When sexual orientation rights are more important, than how we treat someone
With an illness of the mind, while we are treated like those who do not deserve to love?
While I am being accused of potential harm of another, while all a criminal made.
Subjected as if I injected.
And I say how many others are subjected in upside down states.
Fear of me, is fear of all.
Plain as day, there is nothing wrong with me. I don't deserve disability.
I don't deserve a vacation.
I deserve a cart.
Now what little American brilliant girl, dreams and has fairytales and writes books,
And ends up being the lost?
Why don't you sit me here, next to Britney Spears?
Or let me drown, in my hometown, where everyone knows.
Wait for me to do something really not that crazy, like order Taco Bell with the umbrella.
Fuk this shot.
 I guess I am just a radical bipolar, psychotic, lover and want to be fighting for rights up in the 406.
 To say 48 other states my story would never have happened.
Much love to Jesus.
And God grant me the courage, to serenely walk this plank.
And the wisdom to know The Trust in my American Heritage Reserve.

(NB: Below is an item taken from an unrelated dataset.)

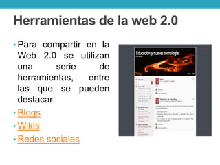 El documento habla sobre las herramientas de la Web 2.0 que se pueden usar para compartir información en línea, incluyendo blogs, wikis y redes sociales. Explica que los blogs son sitios web personales donde los autores publican artículos de manera cronológica sobre cualquier tema e incluyen imágenes, videos y enlaces, y donde los lectores pueden comentar. También describe cómo los blogs educativos llamados "Edublogs" pueden usarse como herramientas de aprendizaje para tareas, investigaciones y publicar recursos educat

Yes I even took Sociology 101.
Thank you God for making me human being.
And being that I am here as a human I pray for our country,
And if you God, want my story told, I ask that you bring others to tell theirs.
Amen.

Montana laws on mental health rights have not been changed since 1972.  I am a double felon....and had I not written all this down the account would all  be in my head. I am not afraid to share the things that have happened. And I feel that God had me write down from the beginning. I have been accused of many things.… I am being punished for happenings outside of what actually happened. I  know that it was all odd, mysterious and unknown. there is a reason God made me the way he did and I don't know why? And there are others who don't know why? But we are all here together and when we punish one another for being different aren't we punishing our father question Mark, our brother? Maybe a cousin? Maybe every family has someone they don't want to talk about? The one who has been the most difficult? The shames? The Shams? The same?